As Guatemala recognises Taiwan, and not People’s Republic, as China, Chinese state lenders were not in a position to lend to the project. This was got around, however, by the EPC contractor, China Machine New Energy, providing US$200 million.

Financing – take two

Bancolombia and CABEI arranged a 10-year, US$350 million loan at a landmark low price for project finance in the region.

The two joint lead arrangers (JLAs) each lent US$66.5 million on the term loan, while a Fondo de Capital Privado BIBA managed by Bancolombia contributed US$47 million. Panama’s Banco Geral and HSBC’s Panama branch were lead arrangers after the two JLAs.

The remaining US$170 million was syndicated - following over-subscription - to 11 banks:

  • Banco General (Panama) – US$40m
  • HSBC Bank (Panama) – US$40m
  • Banco Industrial (Guatemala) – US$21m
  • Banco G&T Continental (Guatemala) – US$15m
  • Banco Agromercantil (Guatemala) – US$13m
  • BICSA (Costa Rica) – US$10m
  • Westrust Bank – US$9m
  • Banco Reformador (Guatemala) – US$7m
  • Mercom Bank – US$7m
  • GTC Bank – US$5m
  • Transcom Bank (Barbados) – US$3m

The loan includes a three-year grace period for construction, and is priced at 575bp over Libor - believed to be the first long-term project finance in Guatemala to go under the 600bp barrier.

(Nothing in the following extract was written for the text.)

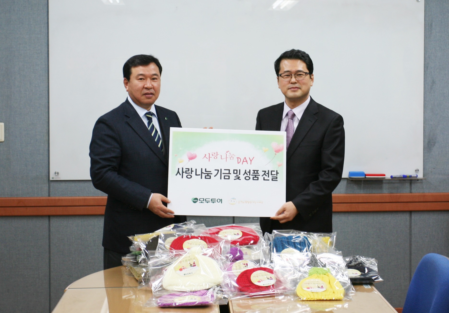 - 임직원들이 직접 뜬 털모자와 목도리 150여개, 기금과 함께 한국백혈병 어린이재단에 전달
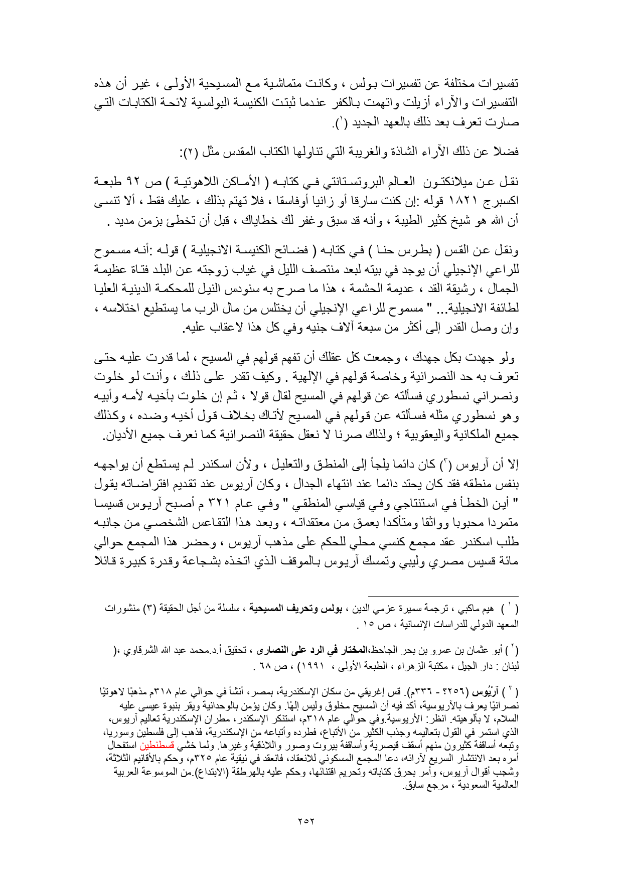 (¬3) آرْيُوس (256؟ - 336 م). قس إغريقي من سكان الإسكندرية، بمصر، أنشأ في حوالي عام 318 م مذهبًا لاهوتيًا نصرانيًا يعرف بالآريوسية، أكد فيه أن المسيح مخلوق وليس إلهًا. وكان يؤمن بالوحدانية ويقر بنبوة عيسى عليه السلام، لا بألوهيته. انظر: الأريوسية. وفي حوالي عام 318 م، استنكر الإسكندر، مطران الإسكندرية تعاليم آريوس، الذي استمر في القول بتعاليمه وجذب الكثير من الأتباع، فطرده وأتباعه من الإسكندرية، فذهب إلى فلسطين وسوريا، وتبعه أساقفة كثيرون منهم أسقف قيصرية وأساقفة بيروت وصور واللاذقية وغيرها. ولما خشي قسطنطين استفحال أمره بعد الانتشار السريع لآرائه، دعا المجمع المسكوني للانعقاد، فانعقد في نيقية عام 325 م، وحكم بالأقانيم الثلاثة، وشجب أقوال آريوس، وأمر بحرق كتاباته وتحريم اقتنائها، وحكم عليه بالهرطقة (الابتداع). من الموسوعة العربية العالمية السعودية، مرجع سابق.

The loan will amortize fully over the 10-year period – although it is likely to be refinanced once the plant goes operational, expected in 2013.

China Machine New Energy Corp. (CMNC), whose contribution can be converted to equity following completion of construction.

Equity comes to US$135 million, filling out the total project value of US$685 million.

AEI was advised on the deal by Clifford Chance. Bancolombia's legal advice came from Milbank, and Shearman & Sterling advised CABEI.

Conclusion

The deal proved to the world that Latin American project finance is not dependent on North American or European support – but rather that, when necessary, the continent can go it alone.

AEI’s perseverance with the deal is also to be commended – a trait of the company also evidenced by its rescuing of a gas-fired IPP in Peru, now in financing.

On closing Jaguar, AEI chief executive Jim Hughes said: "This energy infrastructure investment underpins AEI's continued commitment to Guatemala and the Central American region and is indicative of the company's confidence in the electricity sector's legal and regulatory frameworks.”

A joint statement from the heads of Bancolombia and CABEI said: "The project's financing has been a successful joint effort between AEI and the lead arrangers; the result is a facility with sound fundamentals that demonstrates the financial market potential for well structured development projects.”